The whole listing, apart from its images, should be restated word for word.

▶ _DATA PROVIDED_
++++++++

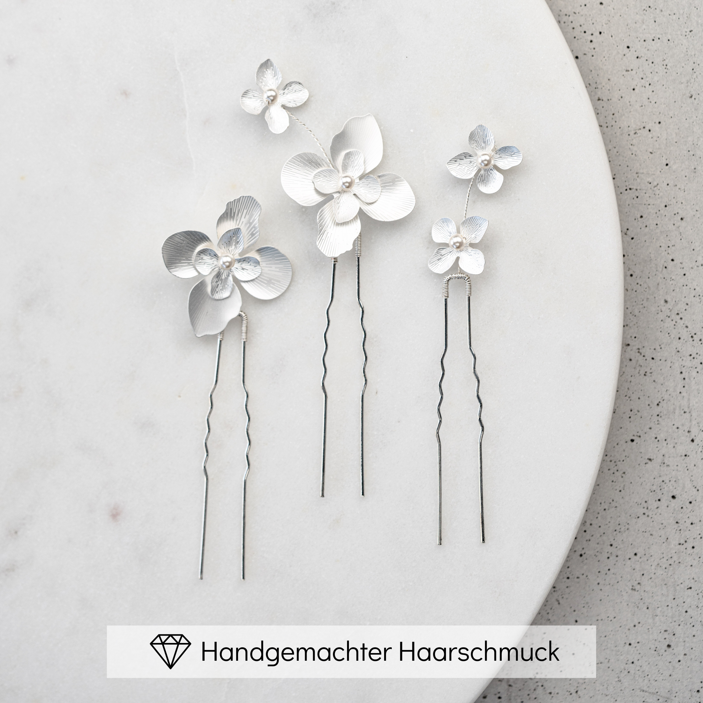Vika | Haarschmuck Hochzeit - Haarnadeln mit Blüten und Perlen
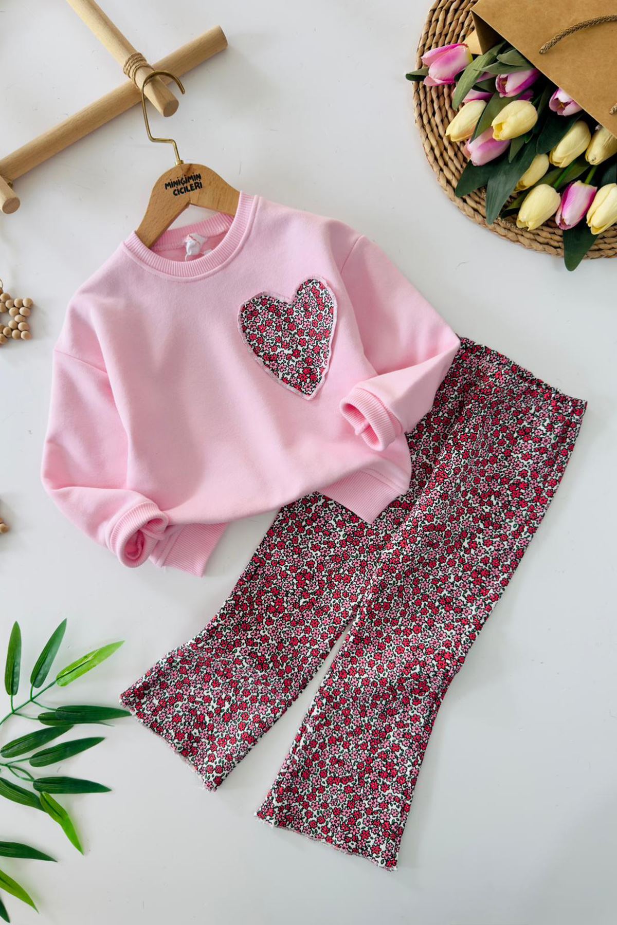 🌸 Miniğimin Cicileri Kalp Detaylı Çiçek Desenli Kız Çocuk 2’li Takım
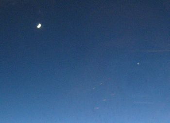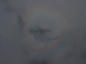 | シートを倒して寝ました。やはり手足が伸ばせるって気持ちよく眠れます。眼が覚めたら着陸1時間前で、皆さんは朝食中、私はとうとう、食べる時間はありませんでした。残念。 時々覗いた窓の外、月と金星が青い空にぽっかり浮かんでいました。また、右は、虹の輪のなかに飛行機の陰が幻想的です。 |

++++++++

▶ _TASK RESPONSE_
Vika | Haarschmuck Hochzeit - Haarnadeln mit Blüten und Perlen
 🌸 Miniğimin Cicileri Kalp Detaylı Çiçek Desenli Kız Çocuk 2’li Takım
 | シートを倒して寝ました。やはり手足が伸ばせるって気持ちよく眠れます。眼が覚めたら着陸1時間前で、皆さんは朝食中、私はとうとう、食べる時間はありませんでした。残念。 時々覗いた窓の外、月と金星が青い空にぽっかり浮かんでいました。また、右は、虹の輪のなかに飛行機の陰が幻想的です。 |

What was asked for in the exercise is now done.